BEGIN

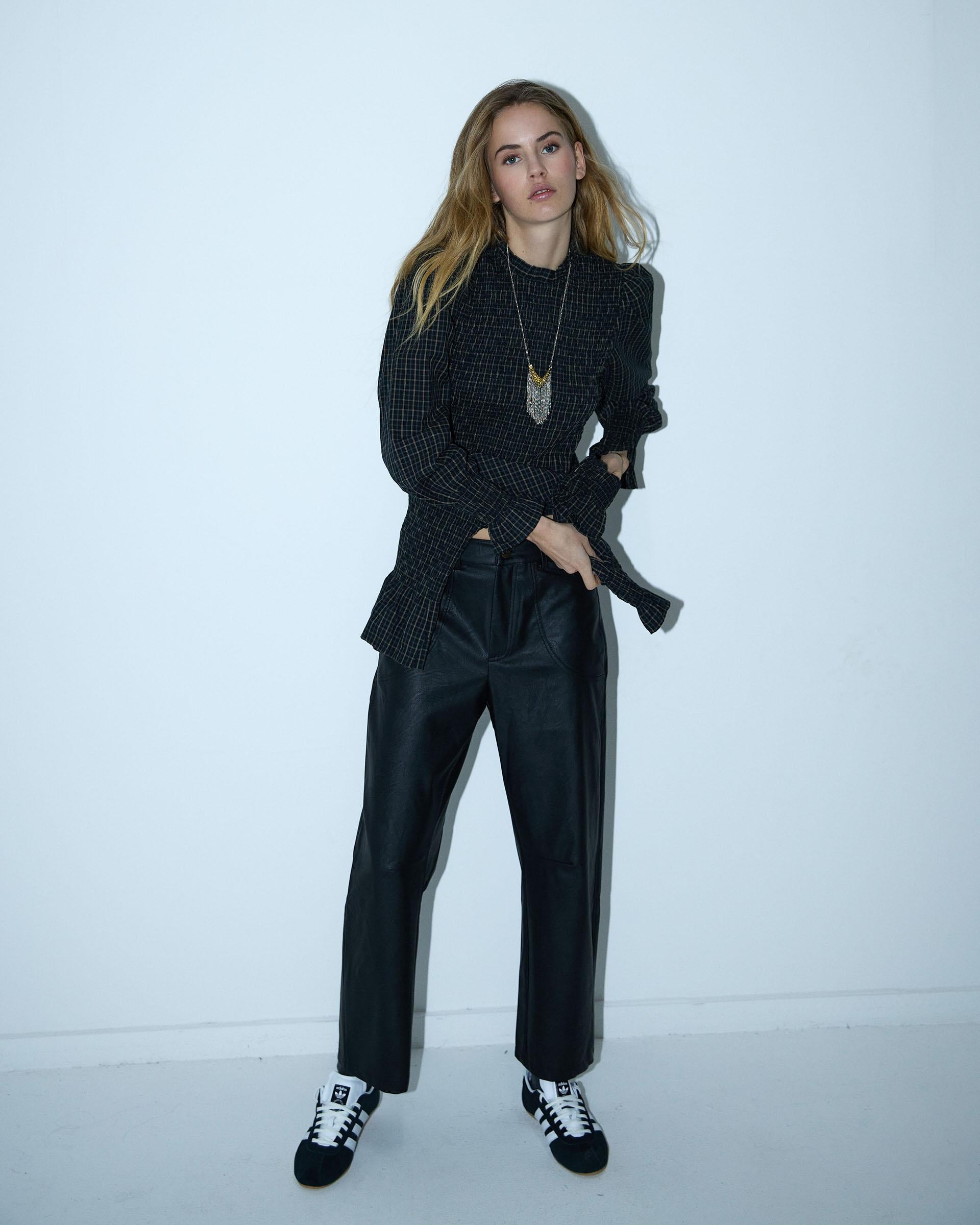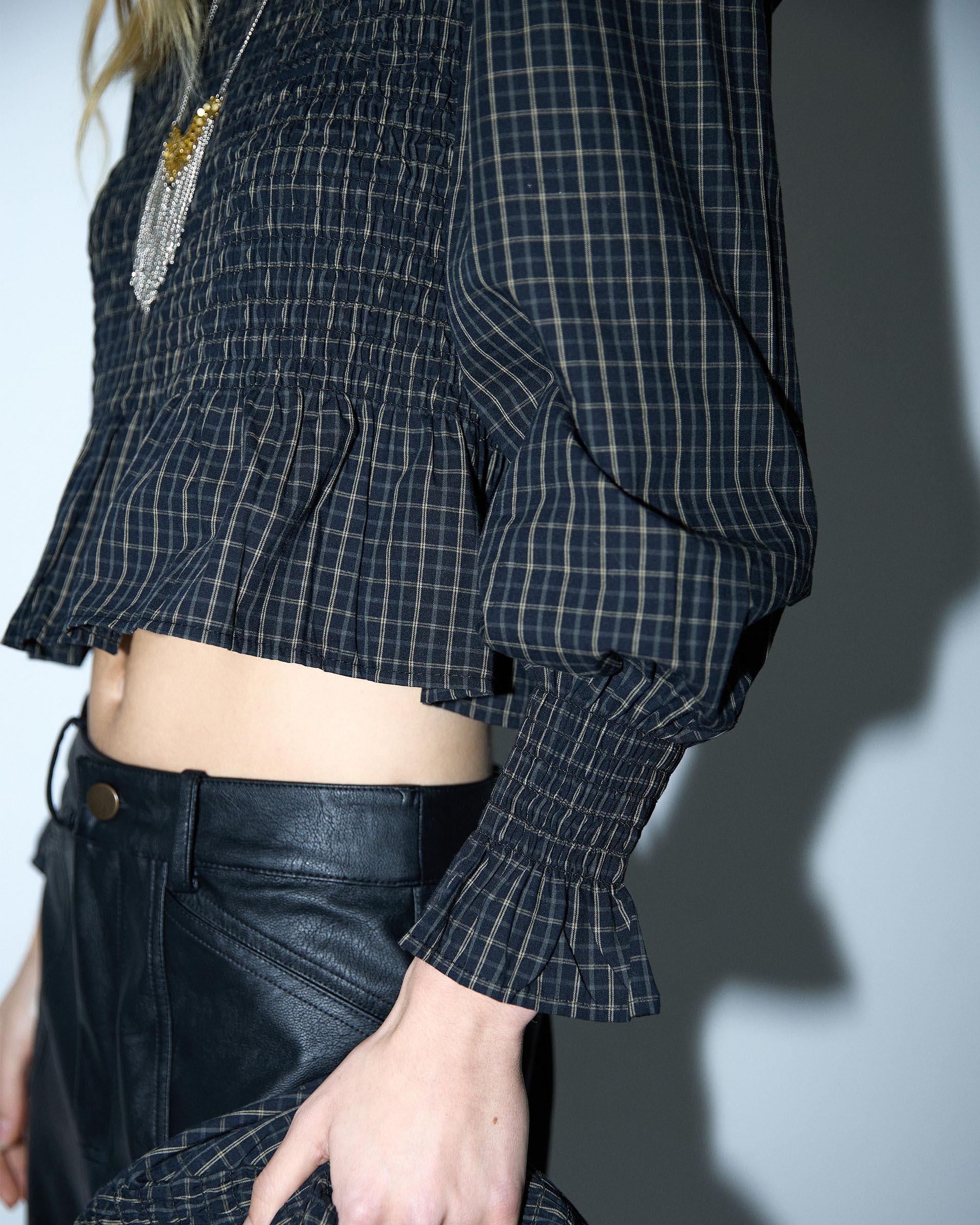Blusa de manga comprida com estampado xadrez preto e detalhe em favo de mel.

END
BEGIN

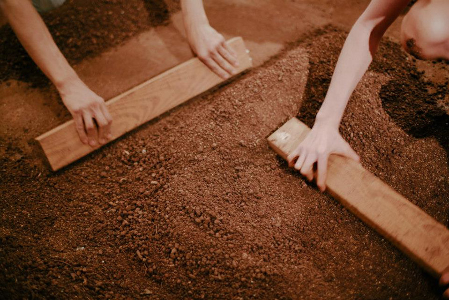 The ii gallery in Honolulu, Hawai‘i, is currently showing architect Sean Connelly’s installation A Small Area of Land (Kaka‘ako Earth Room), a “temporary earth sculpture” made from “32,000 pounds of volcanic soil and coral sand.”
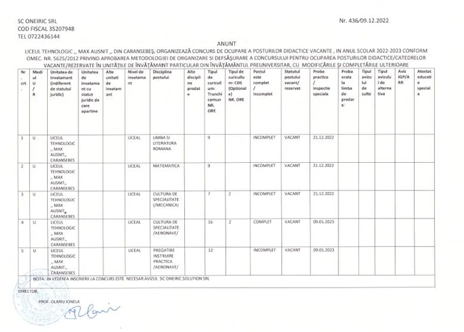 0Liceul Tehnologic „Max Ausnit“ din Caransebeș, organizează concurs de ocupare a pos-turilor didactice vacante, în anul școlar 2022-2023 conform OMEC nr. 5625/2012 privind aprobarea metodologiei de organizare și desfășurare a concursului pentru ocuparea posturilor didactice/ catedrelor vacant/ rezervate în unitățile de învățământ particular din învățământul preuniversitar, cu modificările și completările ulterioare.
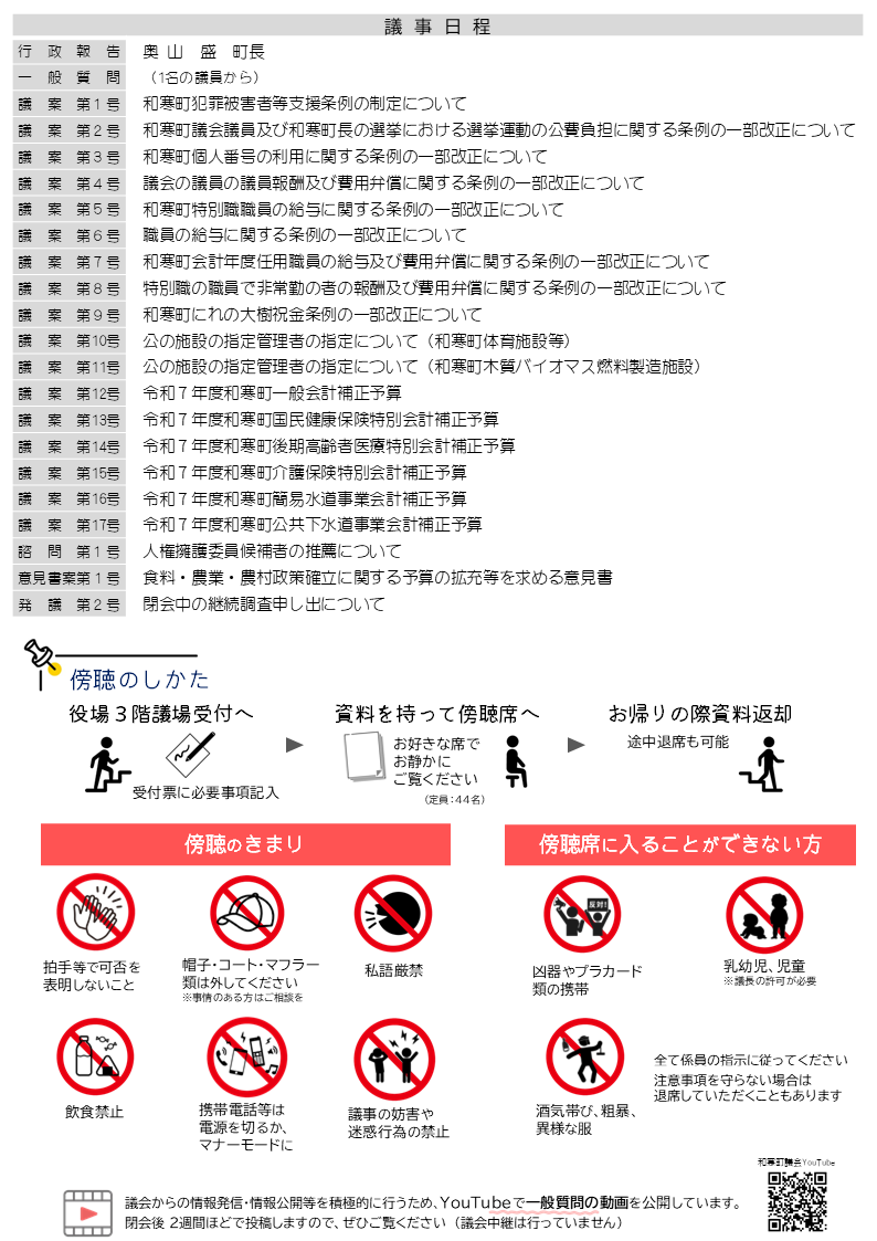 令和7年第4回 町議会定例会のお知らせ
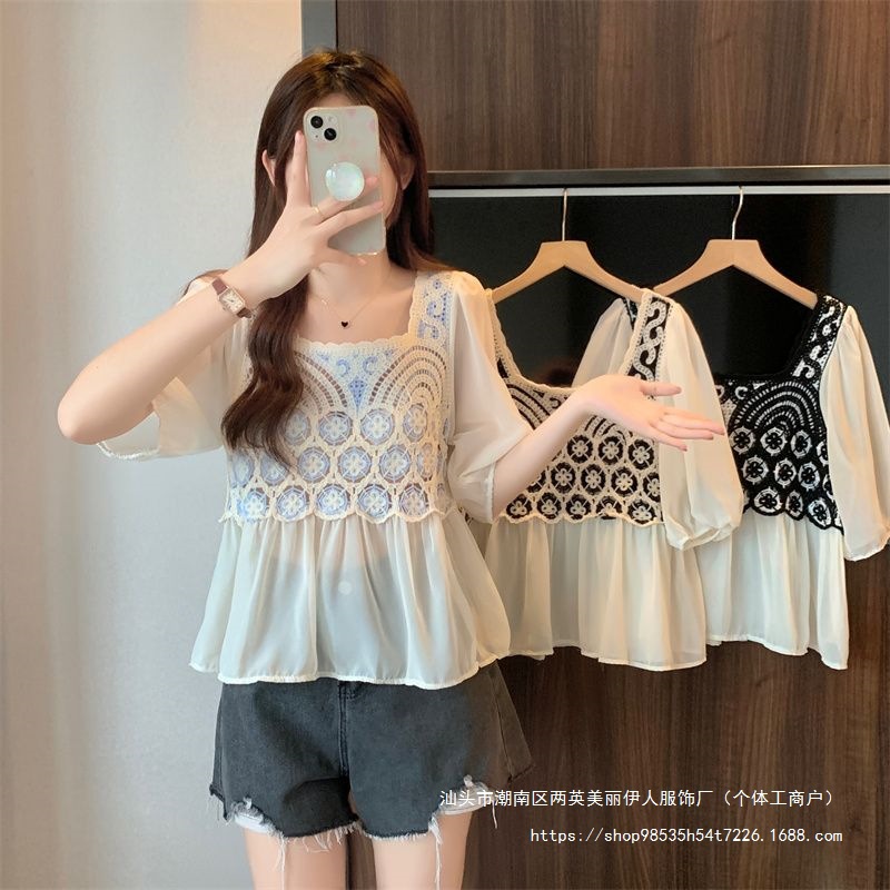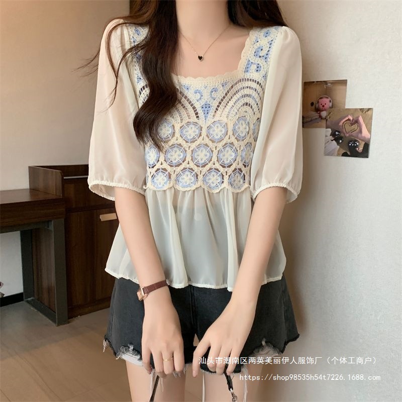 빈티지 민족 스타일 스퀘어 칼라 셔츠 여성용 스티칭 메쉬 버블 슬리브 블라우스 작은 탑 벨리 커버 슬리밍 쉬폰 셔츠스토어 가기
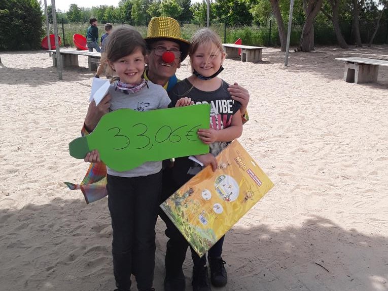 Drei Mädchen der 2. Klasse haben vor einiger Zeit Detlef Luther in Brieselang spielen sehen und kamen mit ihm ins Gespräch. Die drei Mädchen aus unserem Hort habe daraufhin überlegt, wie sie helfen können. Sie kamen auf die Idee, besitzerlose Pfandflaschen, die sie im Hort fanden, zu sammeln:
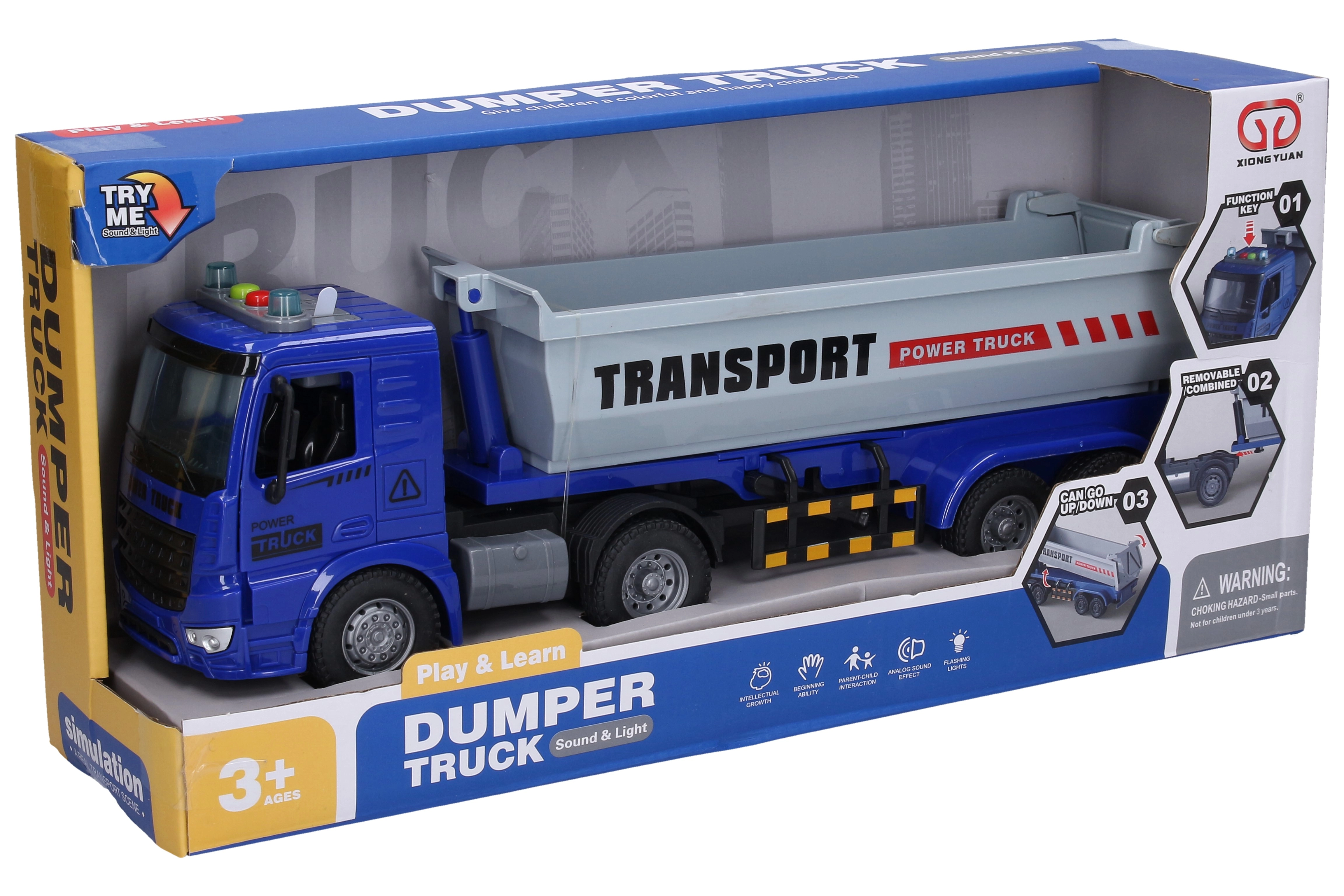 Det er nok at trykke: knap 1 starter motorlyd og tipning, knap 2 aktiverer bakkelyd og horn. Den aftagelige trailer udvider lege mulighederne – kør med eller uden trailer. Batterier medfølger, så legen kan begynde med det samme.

END
BEGIN

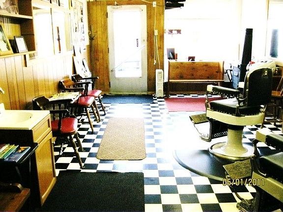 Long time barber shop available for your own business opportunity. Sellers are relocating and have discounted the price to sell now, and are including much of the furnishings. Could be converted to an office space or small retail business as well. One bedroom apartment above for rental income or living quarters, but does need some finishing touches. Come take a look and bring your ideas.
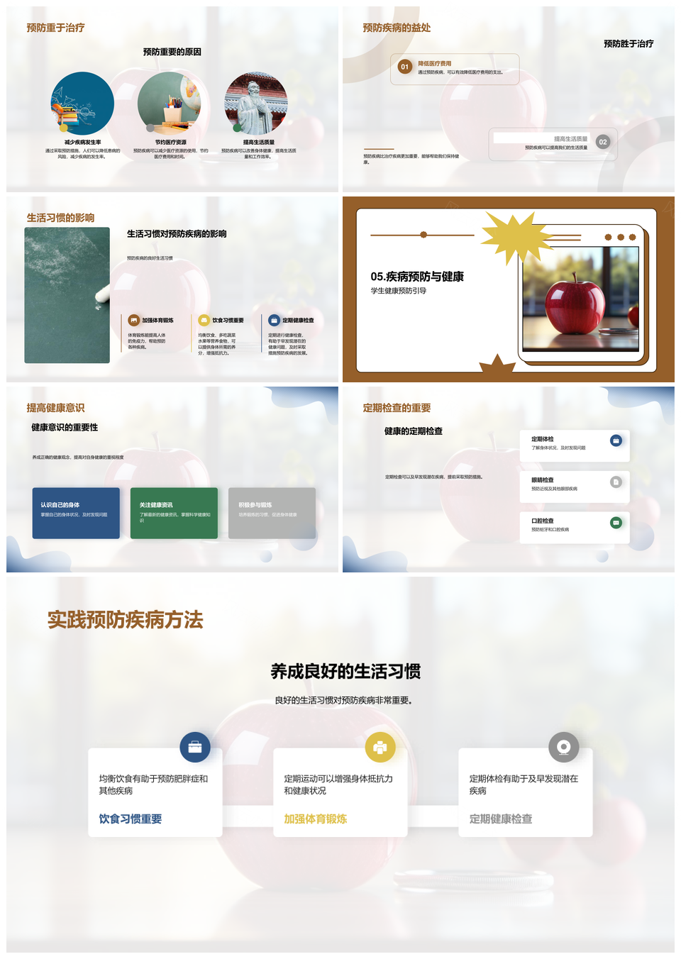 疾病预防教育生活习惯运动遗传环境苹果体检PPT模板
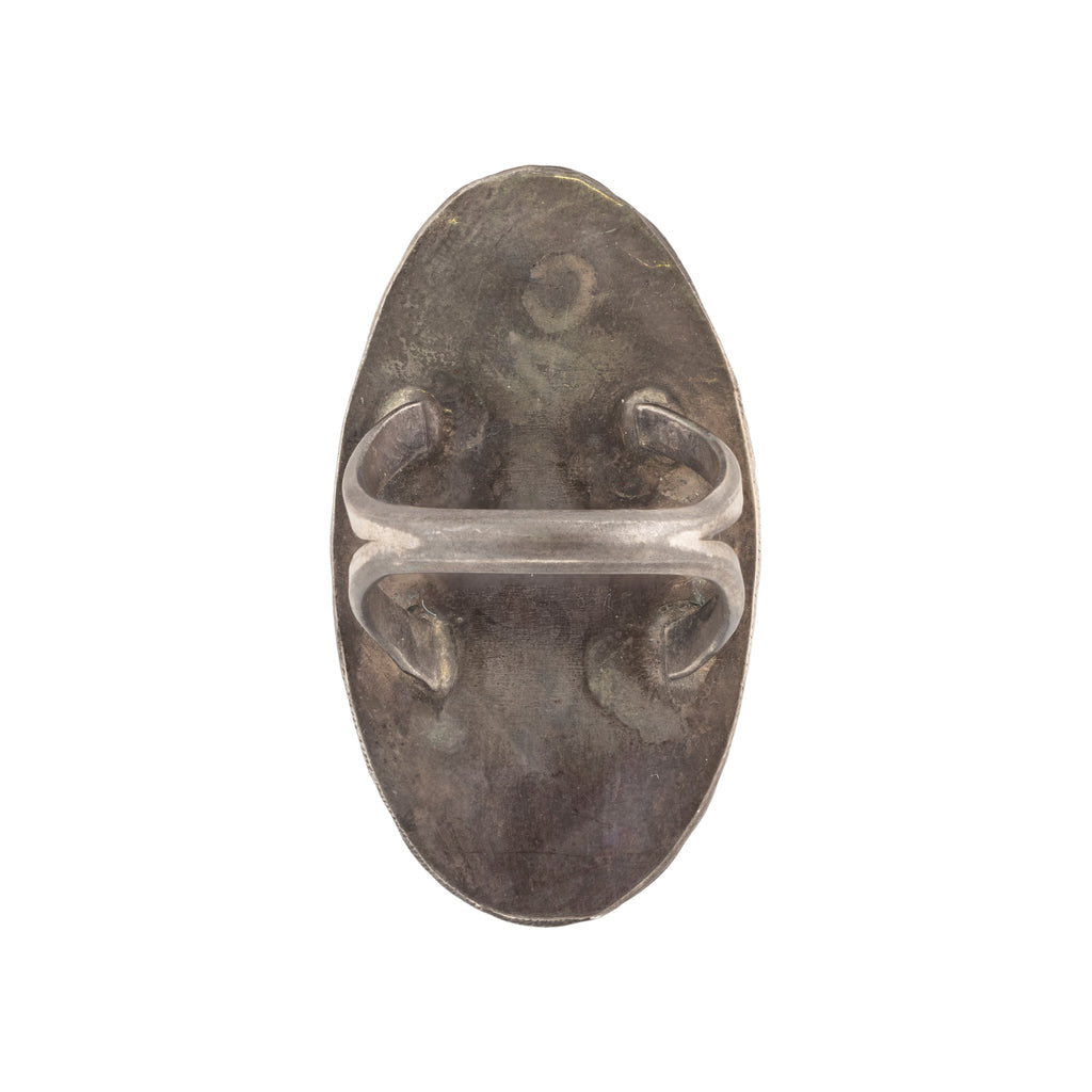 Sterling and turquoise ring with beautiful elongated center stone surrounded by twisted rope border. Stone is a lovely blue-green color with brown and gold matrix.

END

- [TASK DESCRIPTION]
What's needed is an exact copy of the records above from the line containing "빈티지 민족 스타일 스퀘어" down to the line containing "Det er nok at", both included, without any pictures.

- [RESPONSE TO THIS EXERCISE]
 빈티지 민족 스타일 스퀘어 칼라 셔츠 여성용 스티칭 메쉬 버블 슬리브 블라우스 작은 탑 벨리 커버 슬리밍 쉬폰 셔츠스토어 가기
 Drei Mädchen der 2. Klasse haben vor einiger Zeit Detlef Luther in Brieselang spielen sehen und kamen mit ihm ins Gespräch. Die drei Mädchen aus unserem Hort habe daraufhin überlegt, wie sie helfen können. Sie kamen auf die Idee, besitzerlose Pfandflaschen, die sie im Hort fanden, zu sammeln:
 Det er nok at trykke: knap 1 starter motorlyd og tipning, knap 2 aktiverer bakkelyd og horn. Den aftagelige trailer udvider lege mulighederne – kør med eller uden trailer. Batterier medfølger, så legen kan begynde med det samme.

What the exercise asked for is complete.